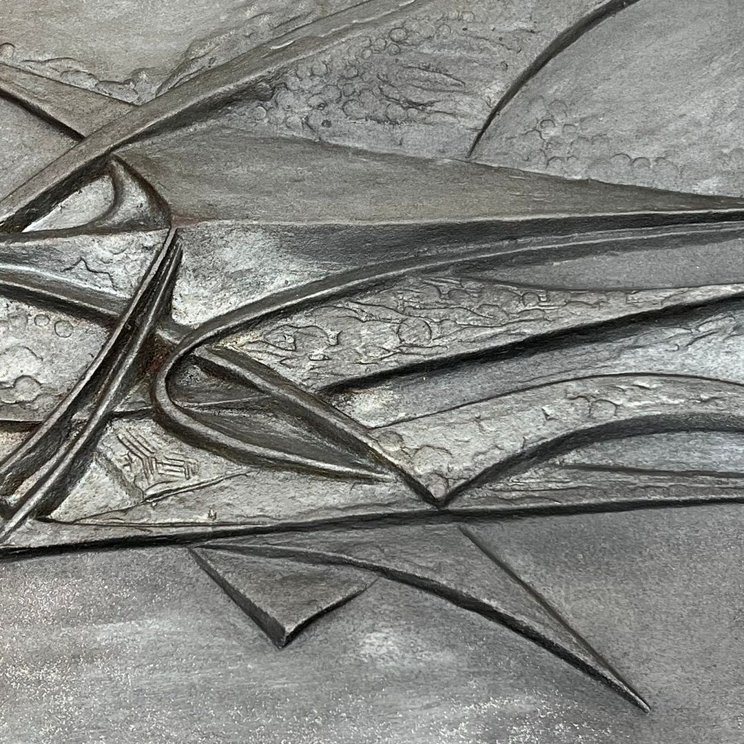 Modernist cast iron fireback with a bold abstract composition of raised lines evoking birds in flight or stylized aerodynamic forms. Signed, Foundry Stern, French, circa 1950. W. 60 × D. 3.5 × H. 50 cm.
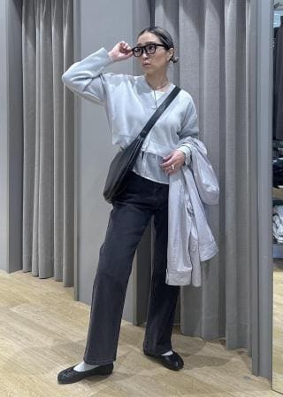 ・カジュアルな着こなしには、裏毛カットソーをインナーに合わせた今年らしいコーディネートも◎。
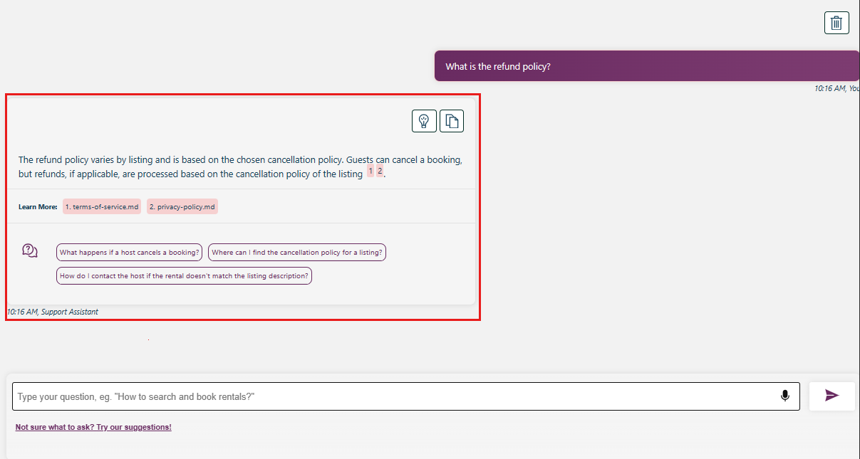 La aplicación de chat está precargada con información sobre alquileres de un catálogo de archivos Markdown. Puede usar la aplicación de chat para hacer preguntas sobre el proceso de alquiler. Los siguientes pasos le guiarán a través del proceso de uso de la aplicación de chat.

## What you are asked to do
With the pictures omitted, print each line of the data above precisely as given.

## Response box
 Modernist cast iron fireback with a bold abstract composition of raised lines evoking birds in flight or stylized aerodynamic forms. Signed, Foundry Stern, French, circa 1950. W. 60 × D. 3.5 × H. 50 cm.
 ・カジュアルな着こなしには、裏毛カットソーをインナーに合わせた今年らしいコーディネートも◎。
 La aplicación de chat está precargada con información sobre alquileres de un catálogo de archivos Markdown. Puede usar la aplicación de chat para hacer preguntas sobre el proceso de alquiler. Los siguientes pasos le guiarán a través del proceso de uso de la aplicación de chat.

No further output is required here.